Bugs found in UAT go back to developers. QA re-tests once fixed.

8. Sign-off

Business stakeholders formally approve the release. Without sign-off, don't ship.

UAT vs QA Testing

| Aspect | QA Testing | UAT |

|--------|-----------|-----|

| Who does it | QA engineers | Business users / product owners |

| Goal | Find bugs | Confirm requirements met |

| Focus | Technical correctness | Business value |

| When | During development | Before release |

| Criteria | Test cases | Acceptance criteria |

| Sign-off | QA lead | Business stakeholder |

Both are necessary. QA catches the bugs before UAT so business users aren't doing basic bug finding.

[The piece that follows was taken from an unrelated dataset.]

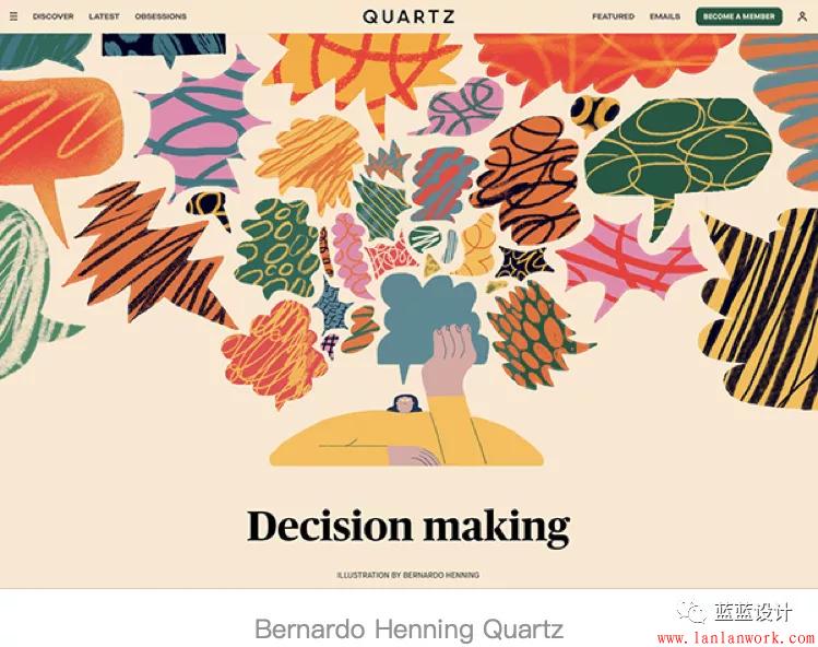 這種風(fēng)格的插畫(huà)非常像凌亂的涂鴉,乍看未完成,但所有的細(xì)節(jié)都是經(jīng)過(guò)深思熟慮的。重疊的形狀和強(qiáng)烈的色彩讓這些插畫(huà)與眾不同,同時(shí)能有效激發(fā)靈感。

Common Acceptance Testing Failure Modes

UAT scheduled 2 days before release with no buffer for fixes. Every bug found is a crisis.

Having developers do UAT defeats the purpose. They know how the code works and won't test it like a user.

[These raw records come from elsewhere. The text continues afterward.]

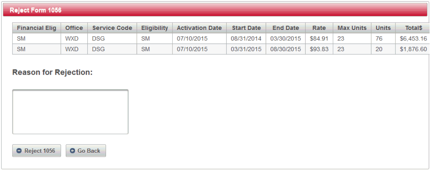 b. To finalize the rejection process, write a comment about why the service code(s), amount and/or duration are inaccurate. Click the "Reject 1056" button
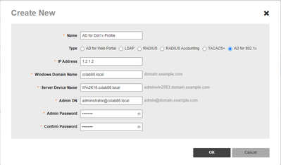 b. Click on create tab, choose profile type as “AD for 802.1x”
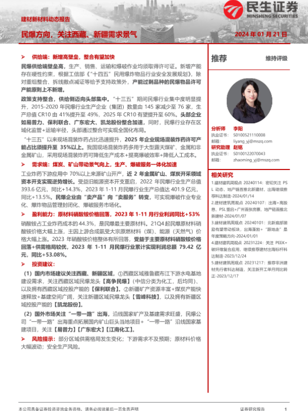 【民生证券】【20240121】建材新材料动态报告:民爆方向,关注西藏、新疆需求景气-16页 行业研究

"The checkout should be smooth" leads to disagreements about what "smooth" means when bugs are found.

UAT on a development server with test data that doesn't reflect real volumes or integrations will miss real bugs.

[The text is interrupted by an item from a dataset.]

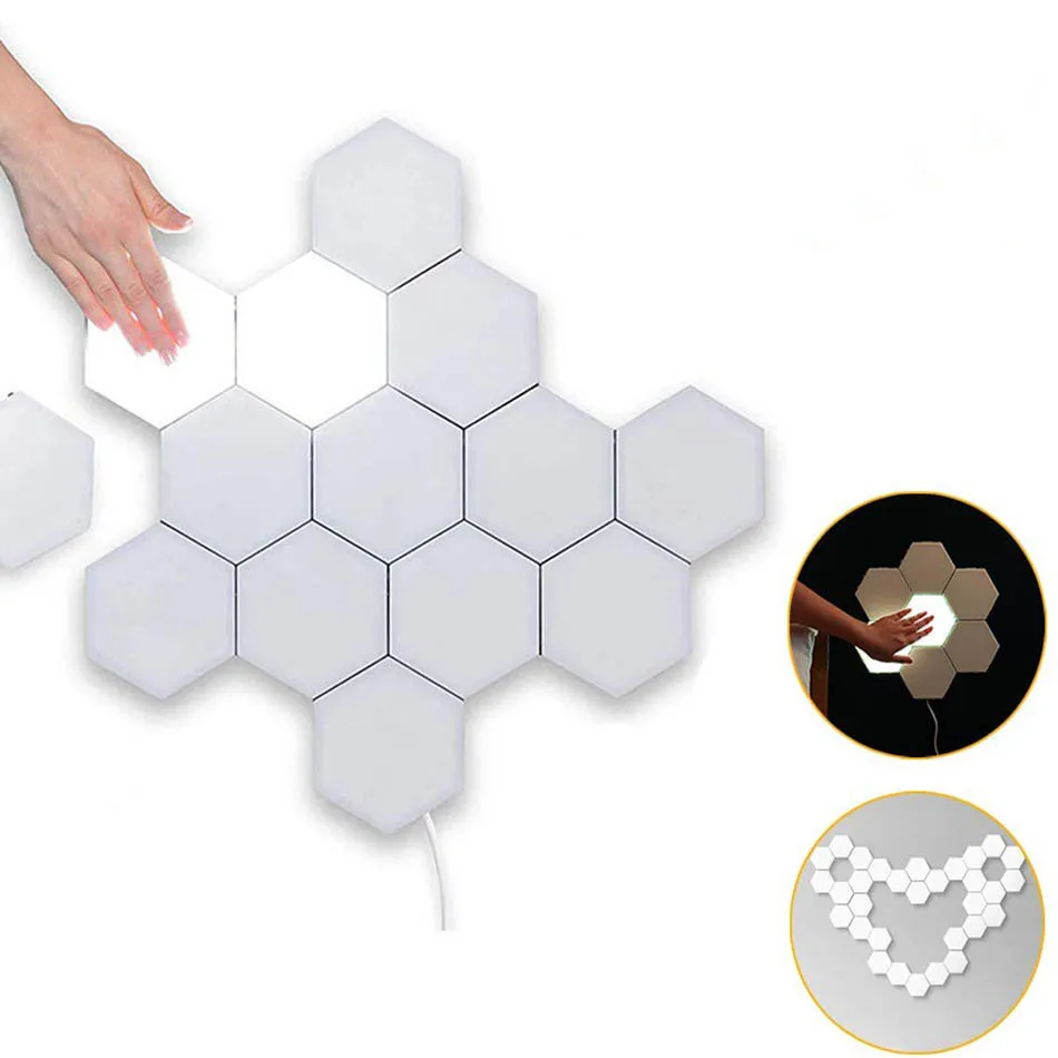 Сенсорное освещение Настенный светильник включается и выключается человеческим прикосновением. Емкостный датчик используется в качестве переключателя, который включает или выключает каждый компонент, когда ваше тело прикасается к поверхности. Эта конструкция позволяет вам эффективно скользить туда, куда они хотят светильник. Технологический дизайн Это модульный настенный светильник с шестиугольной конструкцией. Используйте шестигранную дискету, чтобы сделать любую конструкцию в соответствии с вашими потребностями, а затем включите и выключите ее, прикоснувшись к ней. Минималистичный стиль, безусловно, привлечет внимание и подойдет вашему дому. Сделай Сам свое собственное пространство Используйте магнитные края для соединения света, чтобы структура, наиболее подходящая для вашего интерьера. Пусть этот умный светильник сделает ваш дом ярким.

Bug found in UAT, fixed, deployed — but nobody checks if the fix broke something else.

Automated Acceptance Testing

You can automate acceptance tests with Playwright:

// acceptance/login.spec.ts
import { test, expect } from '@playwright/test';

test.describe('Login — Acceptance Criteria', () => {
  test('AC1: Valid credentials redirect to dashboard', async ({ page }) => {
    await page.goto('/login');
    await page.fill('[data-testid="email"]', 'user@test.com');
    await page.fill('[data-testid="password"]', 'ValidPass1');
    await page.click('[data-testid="submit"]');
    
    await expect(page).toHaveURL('/dashboard');
    await expect(page.getByTestId('welcome')).toContainText('Welcome');
  });

  test('AC2: Invalid credentials show error message', async ({ page }) => {
    await page.goto('/login');
    await page.fill('[data-testid="email"]', 'user@test.com');
    await page.fill('[data-testid="password"]', 'WrongPassword');
    await page.click('[data-testid="submit"]');
    
    await expect(page.getByTestId('error-message')).toHaveText('Invalid email or password');
    await expect(page).toHaveURL('/login');
  });

  test('AC3: Session expires after 24h inactivity', async ({ page, context }) => {
    // This would typically be tested with mock time or API manipulation
    // showing the concept:
    await page.goto('/login');
    await page.fill('[data-testid="email"]', 'user@test.com');
    await page.fill('[data-testid="password"]', 'ValidPass1');
    await page.click('[data-testid="submit"]');
    
    // Simulate session expiry via API
    await page.request.post('/api/auth/expire-session');
    await page.reload();
    
    await expect(page).toHaveURL('/login');
  });
});

Acceptance Testing Checklist

Before starting UAT:

• [ ] Acceptance criteria written and reviewed by business
• [ ] Feature deployed to UAT environment (not dev or staging)
• [ ] Test data prepared (realistic, not trivial)
• [ ] Business users briefed on what to test
• [ ] Bug tracking process established
• [ ] Schedule includes time for fixes and re-testing
• [ ] Sign-off authority identified

During UAT:

• [ ] Tests executed against acceptance criteria
• [ ] All failures documented with reproduction steps
• [ ] Screenshots/recordings for complex issues
• [ ] Severity assigned to each finding

After UAT:

• [ ] All P1/P2 bugs fixed and re-tested
• [ ] Business sign-off received in writing
• [ ] Release notes updated with known P3/P4 issues

Summary

Acceptance testing confirms that software delivers the business value it was built for. Key points:

• Based on acceptance criteria written by business stakeholders, not QA
• UAT involves real users; functional acceptance testing is done by QA against requirements
• Gherkin (Given/When/Then) makes criteria readable by both technical and non-technical stakeholders
• Run in a production-like environment with realistic data
• Requires formal sign-off before release
• Can be automated with Playwright — especially valuable for regression on future changes

The difference between a QA sign-off and a business sign-off matters: QA says the code works; business says the feature solves their problem.